Creative Director Jonathan Anderson’s merging of couture tradition and youthfulness made for an impactful sophomore menswear offering.
The worlds of couture and youth culture might, at first, seem poles apart. But not for Jonathan Anderson. For his sophomore Dior collection, he imagined a troop of youngsters roaming the city, stumbling listlessly along Avenue Montaigne, before encountering a plaque reading Paul Poiret, the esteemed early 20th-century couturier. This encounter turbocharges those youths into discovering a new sense of style.

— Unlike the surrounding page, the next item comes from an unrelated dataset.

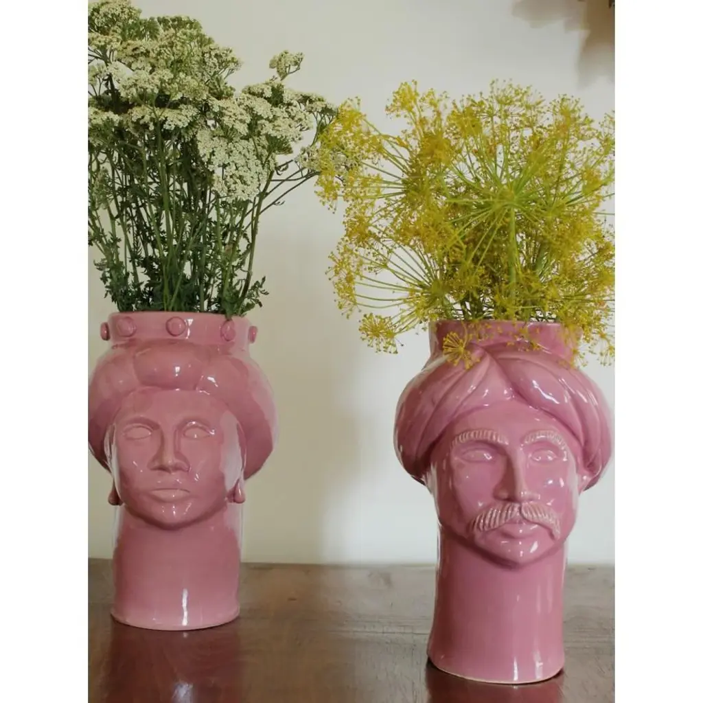 Also in this reduced version of our heads, we sought the right balance of textures and colors. Our couple, representing suleiman the magnificent, sultan of the ottoman empire, and his wife roxelana, stands out for its elegant design, purity of lines and captivating colors; always present in our creations. The voluminous turbans of suleiman and roxelana, their proud features and their symmetries, create two sculptures that communicate with each other. This pair will know how to enrich the house with its contained forms that never give up the beauty and the elegance of the shapes. Details & dimensions • material: ceramics • dimensions (in): w 9 x d 9 x h 12 • dimensions (cm): w 22 x d 22 x h 30 • handmade in italy
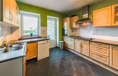 19 miles from Barvaux in Ambly, Rustic Estate with Sauna provides accommodations with access to a sauna. 19 miles from The Labyrinth of Barvaux-sur-Ourthe and 20 miles from Adventure Valley Durbuy, the property features a garden and barbecue facilities. Free Wifi is available throughout the property and The Feudal Castle is 18 miles away. Providing garden views, this vacation home also offers a cable TV, a well-equipped kitchen with a dishwasher, an oven, and a microwave, as well as 2 bathrooms with a hot tub. There's also a seating area and a fireplace. Hamoir is 25 miles from the vacation home, while Sy Train Train Station is 26 miles away. Liege Airport is 38 miles from the property.

What does that look like? Shimmering vests in opulent purples and greens, worn with skinny jeans and “D” toe snakeskin boots, with shoulder bags swinging from the body. Some wore yellow wigs. Because Anderson’s punkish aristos are taking the codes of couture – of balanced design, quality and rhythm — and doing it in their own way, much like Poiret himself who led the charge in freeing women from corsets. They’re pairing houndstooth Dior Bar jackets with slouchy denim cargos, and they’re wearing them to the ground. This could be the ragtag uniform of new-wave indie aristos, frequenting London clubs on a weeknight. Their mates are in the band, they smoke expensive cigarettes, and when they post on Instagram (which they rarely do), they’re in the toilet, posing for black and white pictures.
Anderson has mastered the art of turning the everyday into something marvellous, mixing whimsy with wearability. It’s a sensibility we saw him carve out during his 11-year run at LOEWE, and now he’s doing it at Dior. Here, polo shirts — ultra-wearable menswear stalwarts — were turned into ceremonial party gear, with shimmering epaulettes, and vibrant patterned trousers. Daily driver parka jackets arrived in bulbous, couture gown-adjacent shapes, cocooning its wearer, perhaps on the way home after a heavy one, or maybe the next morning. Capes morphed with tailcoat suits, and exaggerated fur cuffs joined in, destined for late-night shenanigans in a 16th arrondissement mansion, or remote country escape.
Trousers and jeans were notably slimmer, akin to those of Hedi Slimane, who helmed Dior Homme from 2000-2007 with a defining razor-sharp skinny silhouette. But Anderson still made time for relaxed suiting, too.
Since taking the helm at Dior last year, Anderson has unpacked and rethought what the aristocracy might wear today. The next-in-line kids live a little looser. In his debut, Christian Dior’s delft dress was transformed into supersized cargo shorts, requiring no less than seven metres of fabric. In the designer’s Pre-Fall 2026 collection, these shorts were stamped with a coat of arms, in a more direct wink to aristocracy. Then there was the Napoleonic denim tailcoat that newly announced House ambassador LaKeith Stanfield wore to the Fashion Awards in December, nodding to French military uniforms. But there’s also deeply normal stuff (at least at first glance) like straight-fitting jeans and mid-top Roadie sneakers, reflective of the contemporary aristo garb, one where heritage and streetwear nods can both sit at the table.
This Autumn/Winter 2026 collection showed the charisma in uncoordinated dressing, where clothing enters your wardrobe at different stages, spotlighting the beauty in imperfection. Jonathan Anderson’s latest offering felt fresh, surprising, and powerful, where the bullishness of youth and refinement of tradition combined. So yeah, the kids are alright and they’re wearing Dior.